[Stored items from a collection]
------------------------------------------------------------

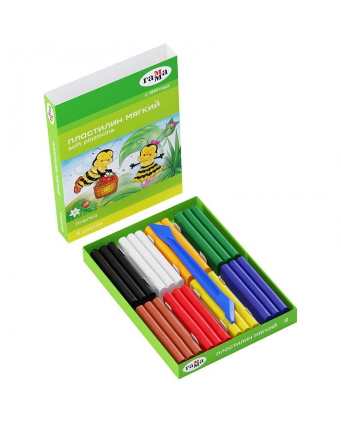Набор воскового пластилина Гамма серии «Пчёлка» 12 цветов. Вес бруска — 15 г. Разработан специально для детей от 3 до 6 лет. Благодаря высокому содерж..
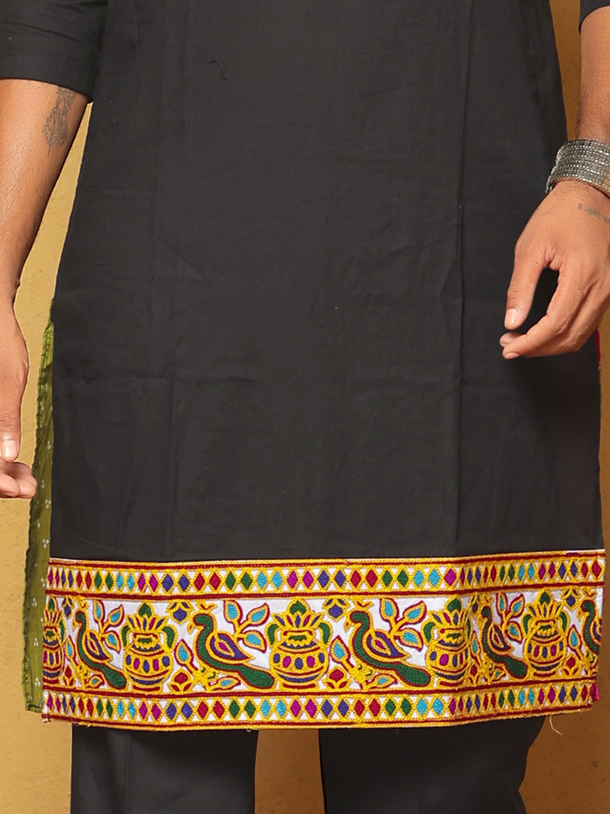Make a bold style statement with this black premium cotton-blend kurta from Varbandhan, featuring a solid embroidered front hem and a vibrant Bandhani-inspired printed back panel. The fusion of classic elegance and colorful festive charm makes this kurta a standout choice for cultural and celebratory occasions.
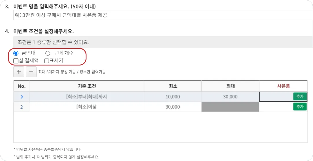 ※ 기준 조건 [최소] 이상 [최대]이하 일 경우 최소값과 최대값을 동일하게 입력하실수 있습니다.
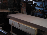 A sheet of 3/4 inch particle board was used as the cabinet work surface. I first bolted it to the cabinet using beveled screw holes
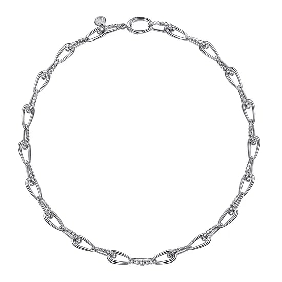 Gabriel & Co Oval Link Beaded Chain Necklace 16" in Sterling Silver
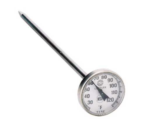 Pocket Thermometer, 1" dial, 5" stem, temperature range 25 to 125°F, stainless steel construction with plastic watertight lens, recalibration nut, NSF (must purchase in multiples of 12 each)
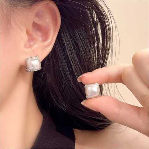 גבוה מרובע פנינה פנינה דו צדדי עגילי נשים דו-צדדי
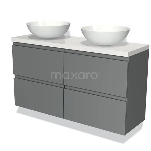 Modulo Plato Slim Vanity units for countertop basin | 120 cm Mid grey Handle-less front High-gloss white worktop 4 drawers
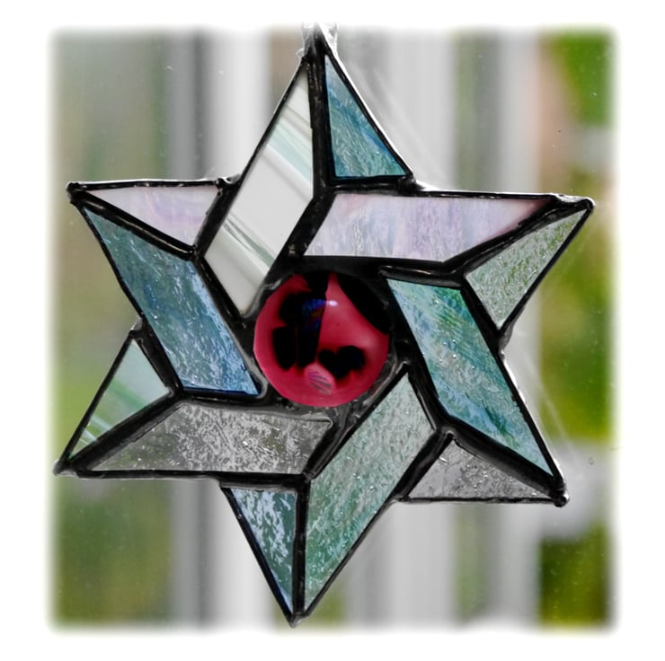 The star is 13cms in diameter and hangs from a little silvery chain which is securely attached to the top of the suncatcher.
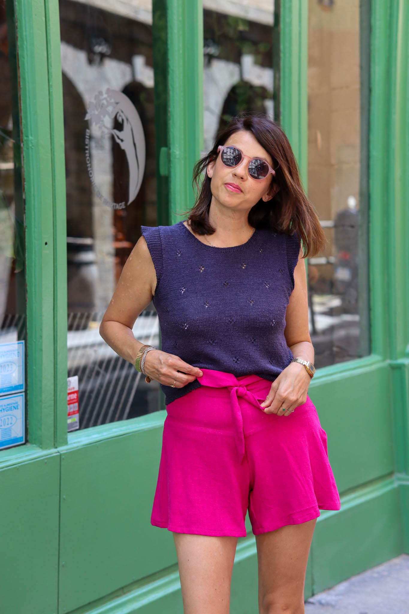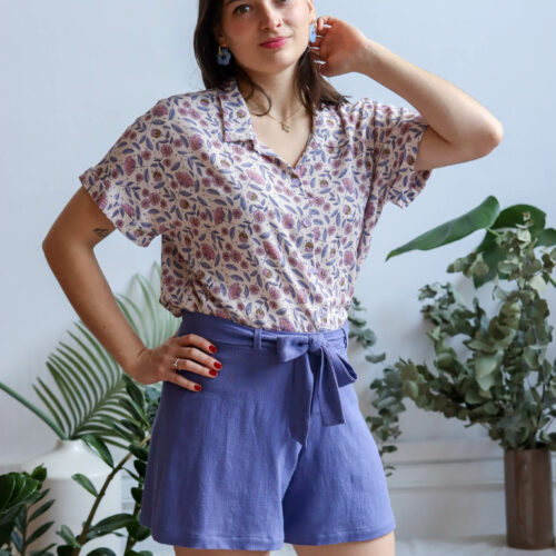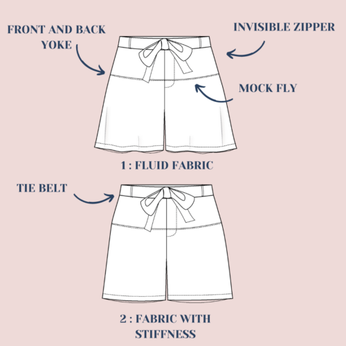 Ajusté à la taille, le short s’enfile grâce à une fermeture invisible dissimulée dans la couture côté. La découpe au niveau du bassin permet de structurer le short et de jouer avec les surpiqures tout en mettant en valeur la fausse braguette accessoirisée par une ceinture à nouer.
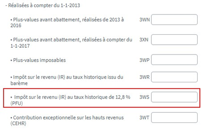 Cette nouvelle case permettant de déclarer l’IR au PFU (3WS) est positionnée en dessous de la case déjà existante permettant de déclarer l’IR issu du barème (3WR).
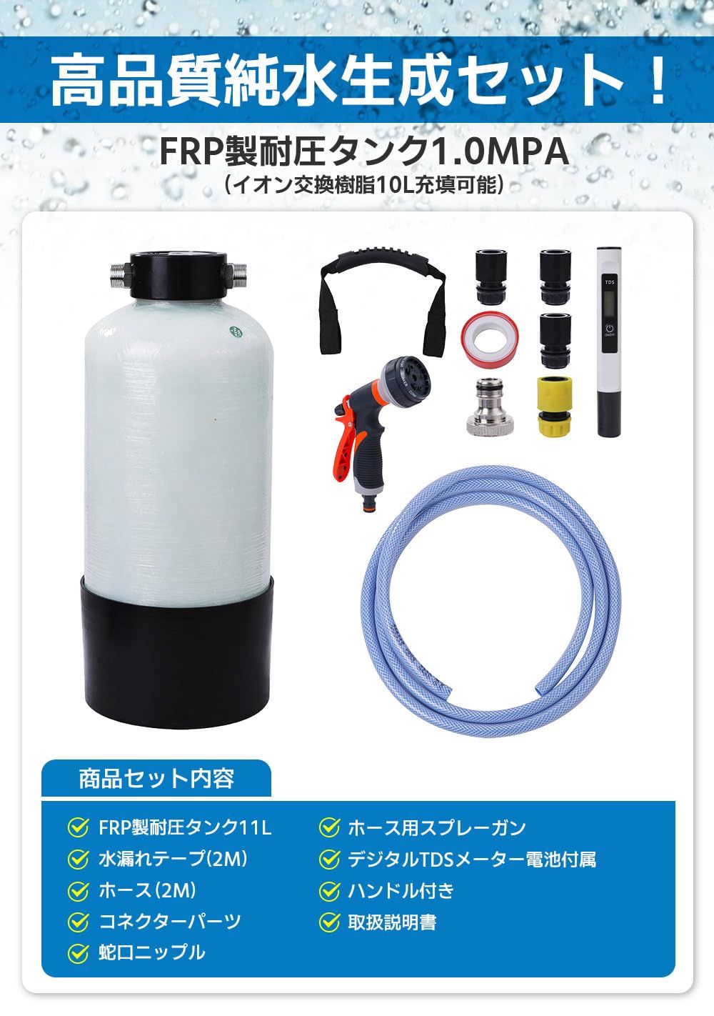 ◆セット内容◆・FRP製耐圧タンク 11Lイオン交換樹脂10L ・防藻・耐圧・耐寒ワンタッチコネクター付きホース2.5m(タカギ等対応品) ・デジタルTDSメーター 電池付属(セット済み)・純水器取っ手 ・ゴムキャップ×2個 ・スプレーガン・水漏れテープ(2)・取扱説明書
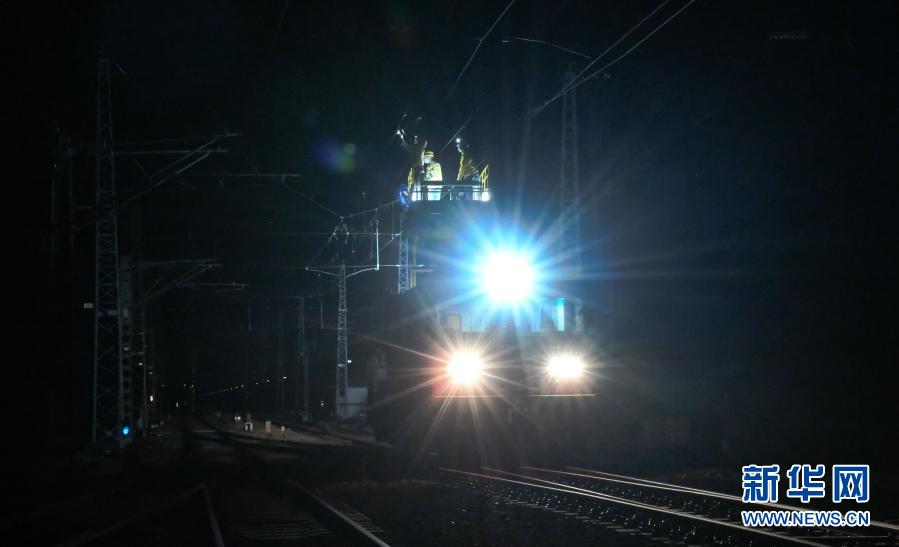 连日来,中国铁路南宁局集团有限公司南宁供电段的工人们利用子夜“天窗”时间,全面检修南广高铁、普铁接触网部件,排除各种隐患,为2021年的春运保驾护航。
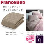 フランスベッド 寝装品 セレクト3点セット 羊毛メッシュベッドパッド1枚 エッフェスタンダード マットレスカバー2枚 お得なセレクト3点パック クイーン
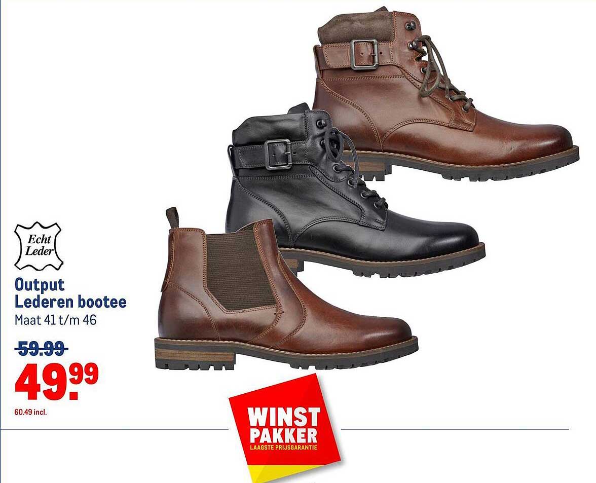 Bekijk de Output Lederende Bootee aanbieding bij Makro! Deze fantastische aanbieding is nu beschikbaar in de nieuwste Makro folder. Profiteer van deze kans en bespaar flink op je aankoop.
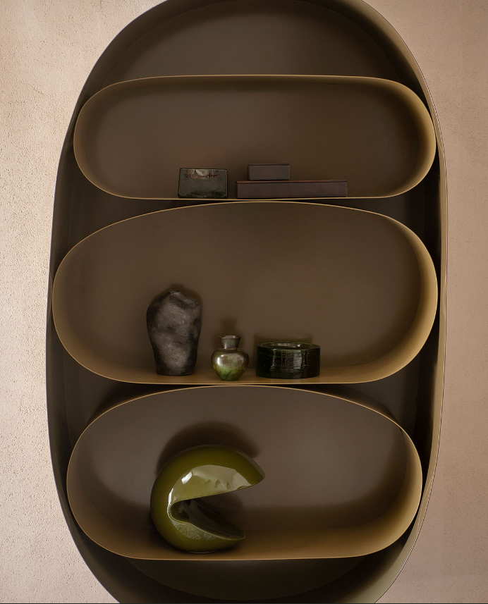 Astral is a metal cabinet forming part of Cosmic: Toogood’s collaborative collection with Tacchini. Like the other pieces in Cosmic, Astral celebrates irregular and elliptical shapes. Faye Toogood’s process is predominately rooted in hand-making maquettes out of everyday materials. The contours of Astral were first discovered in pliable aluminium mesh, then scaled up in steel. Like the Orbit tables or Lunar lights, the cabinet features soft shapes within shapes. Astral is designed with the playful and organic approach of the Toogood studio. Sculptural forms that unite the artistic with the everyday. The cabinet’s curves trick the eye and at first glance it appears Astral has no straight lines. The shelves are of course level and functional, ready for you to fill with your own curiosities.
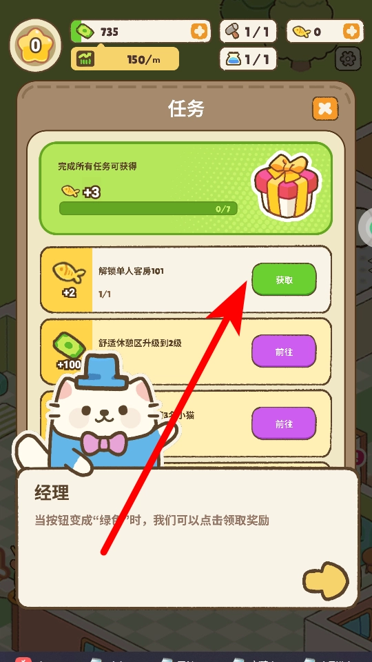 3、在任务界面,完成解锁单人客房101等任务后,当获取按钮变为绿色,点击它就能领取对应的奖励。
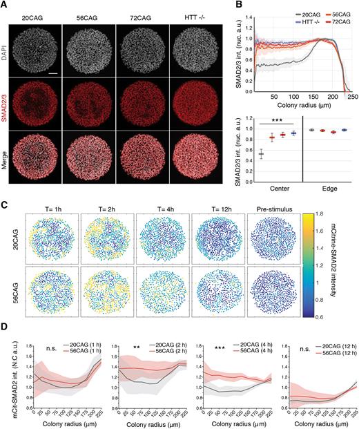 Fig. 4. HTT-CAG expansion and loss of HTT disrupt edge restriction in response to activin signaling. (A) Early nuclear SMAD2/3 (red) accumulation probed by immunofluorescence with antibody recognizing total protein levels in response to activin (100â ng/ml) in conditioned medium. DAPI (gray) was used as a DNA stain. Samples were analyzed 1â h after induction. (B) Mean radial intensity profile of nuclear SMAD2/3 in 20CAG, 56CAG, 72CAG and HTTâ/â. Error bars represent ±s.d. of n=15 colonies obtained from each genotype, all within a similar range of cell density (top). Mean nuclear SMAD2/3 intensity displayed in colony center versus colony edge in each genotype (bottom). ***P<0.001, KruskalâWallis followed by Dunn's test. (C) Temporal analysis of 20CAG and 56CAG mCitrine-SMAD2 reporter colonies before and 1, 2, 4 and 12â h after activin (10â ng/ml) treatment in defined TeSR-E7 medium. Cells were stimulated with activin at T=0â h. Dot plots represent mCitrine-SMAD2 intensity analyzed at a single-cell resolution. (D) Quantification of nuclear-to-cytoplasmic ratio (N:C) of mCitrine-SMAD2 intensities as a function of colony radius in 56CAG (red) compared with 20CAG (gray). Mean response±s.d. is calculated for n=6 (r=250â µm) colonies at 1, 2, 4 and 12â h after treatment with activin. n.s. P>0.05, **P<0.01, ***P<0.001, unpaired t-test. Individual colonies originate from a single micropatterned chip corresponding to each clone. Similar results were obtained from n=3 independent experiments. Scale bar: 100â µm. a.u. arbitrary units. |
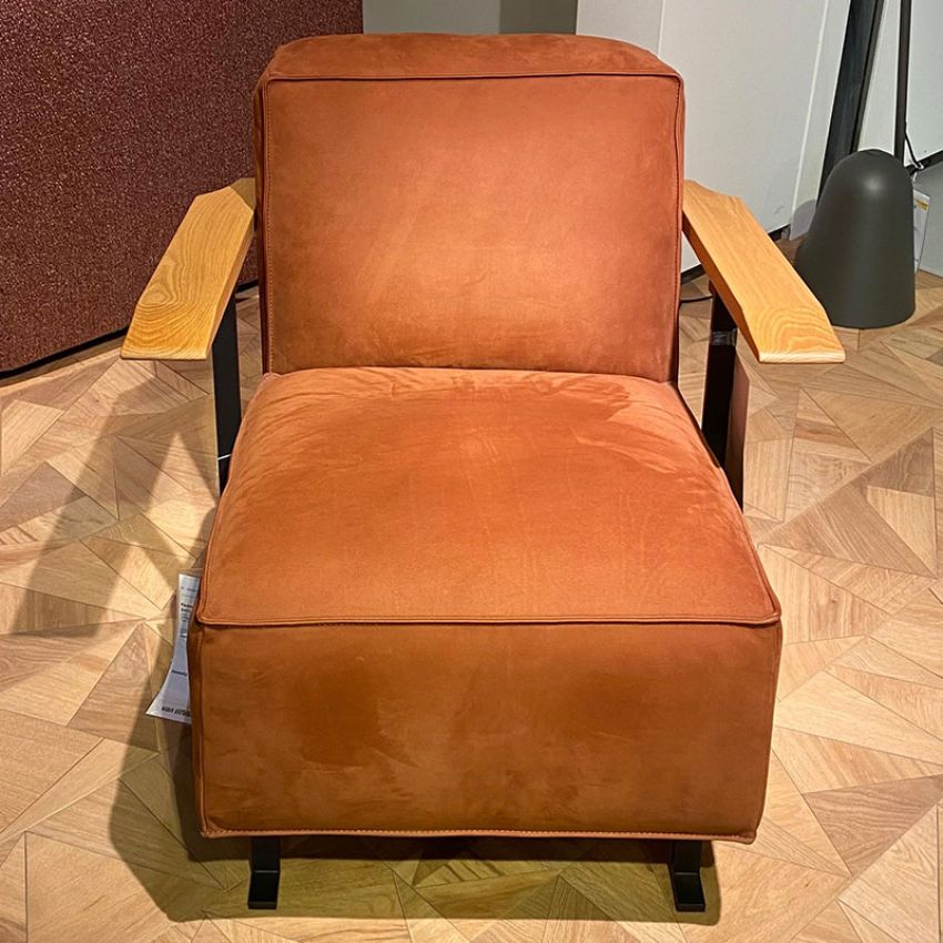 De Gelderland 6401 'Woody' fauteuil is uitgevoerd in leder Colorado 2601 in combinatie met een eiken armlegger.
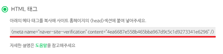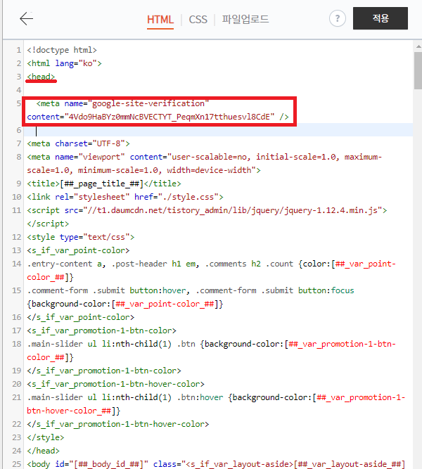3. 이제 아래의 HTML태그를 <head>태그 안에 넣어주어야 합니다.
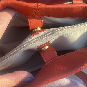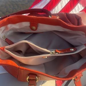 Coach Leather Handbag with removable shoulder strap. Very roomy inside, with two pockets. One holds your cellphone. Center and side zipper to hold and hide more of your belongings.

------------------------------------------------------------

Quote the records in full and exactly; skip any image.

Набор воскового пластилина Гамма серии «Пчёлка» 12 цветов. Вес бруска — 15 г. Разработан специально для детей от 3 до 6 лет. Благодаря высокому содерж..
Make a bold style statement with this black premium cotton-blend kurta from Varbandhan, featuring a solid embroidered front hem and a vibrant Bandhani-inspired printed back panel. The fusion of classic elegance and colorful festive charm makes this kurta a standout choice for cultural and celebratory occasions.
 ※ 기준 조건 [최소] 이상 [최대]이하 일 경우 최소값과 최대값을 동일하게 입력하실수 있습니다.
 A sheet of 3/4 inch particle board was used as the cabinet work surface. I first bolted it to the cabinet using beveled screw holes
 Gabriel & Co Oval Link Beaded Chain Necklace 16" in Sterling Silver
 Pocket Thermometer, 1" dial, 5" stem, temperature range 25 to 125°F, stainless steel construction with plastic watertight lens, recalibration nut, NSF (must purchase in multiples of 12 each)
 גבוה מרובע פנינה פנינה דו צדדי עגילי נשים דו-צדדי
 Modulo Plato Slim Vanity units for countertop basin | 120 cm Mid grey Handle-less front High-gloss white worktop 4 drawers
 The star is 13cms in diameter and hangs from a little silvery chain which is securely attached to the top of the suncatcher.
 Ajusté à la taille, le short s’enfile grâce à une fermeture invisible dissimulée dans la couture côté. La découpe au niveau du bassin permet de structurer le short et de jouer avec les surpiqures tout en mettant en valeur la fausse braguette accessoirisée par une ceinture à nouer.
 Cette nouvelle case permettant de déclarer l’IR au PFU (3WS) est positionnée en dessous de la case déjà existante permettant de déclarer l’IR issu du barème (3WR).
 ◆セット内容◆・FRP製耐圧タンク 11Lイオン交換樹脂10L ・防藻・耐圧・耐寒ワンタッチコネクター付きホース2.5m(タカギ等対応品) ・デジタルTDSメーター 電池付属(セット済み)・純水器取っ手 ・ゴムキャップ×2個 ・スプレーガン・水漏れテープ(2)・取扱説明書
 连日来,中国铁路南宁局集团有限公司南宁供电段的工人们利用子夜“天窗”时间,全面检修南广高铁、普铁接触网部件,排除各种隐患,为2021年的春运保驾护航。
 フランスベッド 寝装品 セレクト3点セット 羊毛メッシュベッドパッド1枚 エッフェスタンダード マットレスカバー2枚 お得なセレクト3点パック クイーン
 Bekijk de Output Lederende Bootee aanbieding bij Makro! Deze fantastische aanbieding is nu beschikbaar in de nieuwste Makro folder. Profiteer van deze kans en bespaar flink op je aankoop.
 Astral is a metal cabinet forming part of Cosmic: Toogood’s collaborative collection with Tacchini. Like the other pieces in Cosmic, Astral celebrates irregular and elliptical shapes. Faye Toogood’s process is predominately rooted in hand-making maquettes out of everyday materials. The contours of Astral were first discovered in pliable aluminium mesh, then scaled up in steel. Like the Orbit tables or Lunar lights, the cabinet features soft shapes within shapes. Astral is designed with the playful and organic approach of the Toogood studio. Sculptural forms that unite the artistic with the everyday. The cabinet’s curves trick the eye and at first glance it appears Astral has no straight lines. The shelves are of course level and functional, ready for you to fill with your own curiosities.
 3、在任务界面,完成解锁单人客房101等任务后,当获取按钮变为绿色,点击它就能领取对应的奖励。
 Fig. 4. HTT-CAG expansion and loss of HTT disrupt edge restriction in response to activin signaling. (A) Early nuclear SMAD2/3 (red) accumulation probed by immunofluorescence with antibody recognizing total protein levels in response to activin (100â ng/ml) in conditioned medium. DAPI (gray) was used as a DNA stain. Samples were analyzed 1â h after induction. (B) Mean radial intensity profile of nuclear SMAD2/3 in 20CAG, 56CAG, 72CAG and HTTâ/â. Error bars represent ±s.d. of n=15 colonies obtained from each genotype, all within a similar range of cell density (top). Mean nuclear SMAD2/3 intensity displayed in colony center versus colony edge in each genotype (bottom). ***P<0.001, KruskalâWallis followed by Dunn's test. (C) Temporal analysis of 20CAG and 56CAG mCitrine-SMAD2 reporter colonies before and 1, 2, 4 and 12â h after activin (10â ng/ml) treatment in defined TeSR-E7 medium. Cells were stimulated with activin at T=0â h. Dot plots represent mCitrine-SMAD2 intensity analyzed at a single-cell resolution. (D) Quantification of nuclear-to-cytoplasmic ratio (N:C) of mCitrine-SMAD2 intensities as a function of colony radius in 56CAG (red) compared with 20CAG (gray). Mean response±s.d. is calculated for n=6 (r=250â µm) colonies at 1, 2, 4 and 12â h after treatment with activin. n.s. P>0.05, **P<0.01, ***P<0.001, unpaired t-test. Individual colonies originate from a single micropatterned chip corresponding to each clone. Similar results were obtained from n=3 independent experiments. Scale bar: 100â µm. a.u. arbitrary units. |
 De Gelderland 6401 'Woody' fauteuil is uitgevoerd in leder Colorado 2601 in combinatie met een eiken armlegger.
3. 이제 아래의 HTML태그를 <head>태그 안에 넣어주어야 합니다.
 Coach Leather Handbag with removable shoulder strap. Very roomy inside, with two pockets. One holds your cellphone. Center and side zipper to hold and hide more of your belongings.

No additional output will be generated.